This lesson is being piloted (Beta version)

Tools for analysing genomes

Overview

Teaching: 15 min
Exercises: 45 min
Questions
  • How do I analyse my genome?

Objectives
  • Assigning gene calls to sequence and annotate them with the known databases

The next steps are then to actually analyse the assembled genome. Dependent on your research questions and what you want to investigate, is a range of different tools that can help with the analysis. Here is a list of suggestions that might be of interest to you. You don’t have to do them all, choose the ones you find suitable to answer your research questions.

antiSMASH:

AnitSMASH stands for Antibiotics and Secondary Metabolites Analysis Shell and is used for the detection of secondary metabolites. To use AntiSMASH you first have to download your polished genome assembly from galaxy and then upload it to the AntiSMASH website. (https://antismash.secondarymetabolites.org/#!/start). After the it has finished the analysis job you will first be presented with a list of all detected secondary metabolite gene clusters, denoted as Region 1, Region 2 etc (labelled as number 5 in image). It will also tell you for each gene cluster the most similar known cluster detected in the MiBiG database, and the Similarity to that cluster.
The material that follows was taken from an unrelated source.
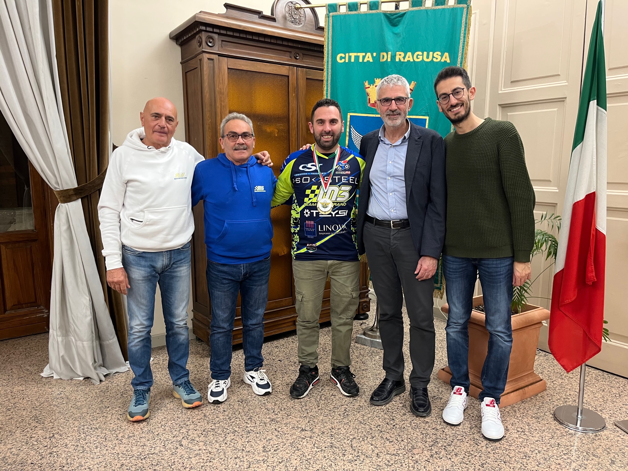 Il sindaco Peppe Cassì e l’assessore allo Sport Simone Digrandi hanno ricevuto in Municipio il campione di motociclismo Damiano Raniolo, suo padre, e il rappresentante del Team M3 Mirano-Venezia Fabio Cappuzzo.

The Similarity is the percentage of genes within most similar known compound that have a significant BLAST hit to genes within the current region. So, the Similarity is NOT the same as the percentage identity that is an output of a Blast search. For more information on each Region, click on the number in the top (labeled as 2 in image). If you have experimental data on for example the bioactivity of your strain, try to match that to the potential compounds detected by AntiSMASH. For more information:

Discussion 01 - AntiSMASH

Solution

TBD

Abricate

ABRicate is a tool for the detection of antimicrobial and virulence genes. It is also available on Galaxy, so you don’t have to download your assembly for this. It uses different databases for example CARD to detect virulence genes in the genome. For more information: https://github.com/tseemann/abricate.
See below an example of default parameters with CARD database selected, an explanation of the output table and an example output.

Discussion 02 - Abricate

Solution

TBD

Blast

Lastly, you can also simply blast genes of interest against your assembled genome. For that you will first have to download the nucleotide or amino acid sequence of your gene of interest from NCBI (https://www.ncbi.nlm.nih.gov/). Then you can use nucleotide Blast or tblastn (dependent if you have the nt or aa of your gene of interest). Use the option align two or more sequences. Below an example for finding a gene of interest in your assembled genome.

Key Points

  • Genome annotation starts by identifying genes and other functional elements (rRNA, tRNA, etc.) within the nucleotides. This is followed by comparison with databases of interest to predict the functions encoded in the genes.